Gastronomy for the Ear: My Favorite Food Podcasts

Dan Pashman of The Sporkful podcast. Photo courtesy of The Sporkful.

And finally, there is The Sporkful, hosted by Dan Pashman. This James Beard­-award–winning program’s motto is that it “isn’t for foodies, it’s for eaters.” His new spinoff show, Ask Mimi, in which the legendary food critic and opinionated writer Mimi Sheraton dispenses advice, is simply hilarious. In a world where food is often taken too seriously, this show delivers on that promise. Its topics and guests are hugely diverse, from the gracious Nigella Lawson expounding on home cooking to how to eat properly in front of the television. Dan is a curious, enthusiastic host, and I feel like my week is never complete without hearing his infectious laugh at least several times. In particular, his two-part series on the search for the Aleppo sandwich brought me to tears—it combines the very best of what food brings out in all of us—humanity, identity, memory, culture, love, tragedy, and hope.

Gastronomy for the Ear: My Favorite Food Podcasts

Anthony Bourdain. Photo by FLICKR PHOTO/PEABODY AWARDS (CC BY 2.0). HTTPS://BIT.LY/2SVDUTD.

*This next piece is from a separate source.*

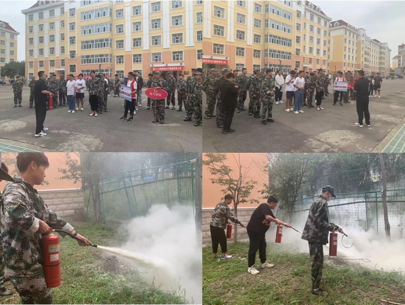 为进一步提高师生消防安全知识水平,增强安全意识和自防自救能力,确保生命财产安全,按照《华体官网网页版校园应急演练提升活动方案》和省教育厅《全省校园消防安全隐患排查整治工作方案》要求,近期,保卫处、学生处和相关学院联合开展了“开学安全第一课”——消防知识“进军训”系列活动。

Speaking of humanity, the late Anthony Bourdain was an unparalleled storyteller of this genre. Bourdain never had a podcast, although he had written, hosted, and eaten his way through countless books, food shows, and countries, often highlighting the hidden and ignored parts of culinary identity. But surely, if he had had a podcast, I would have listened to it.

Godspeed to you, Tony, and hope you’re dining well at the tables of heaven.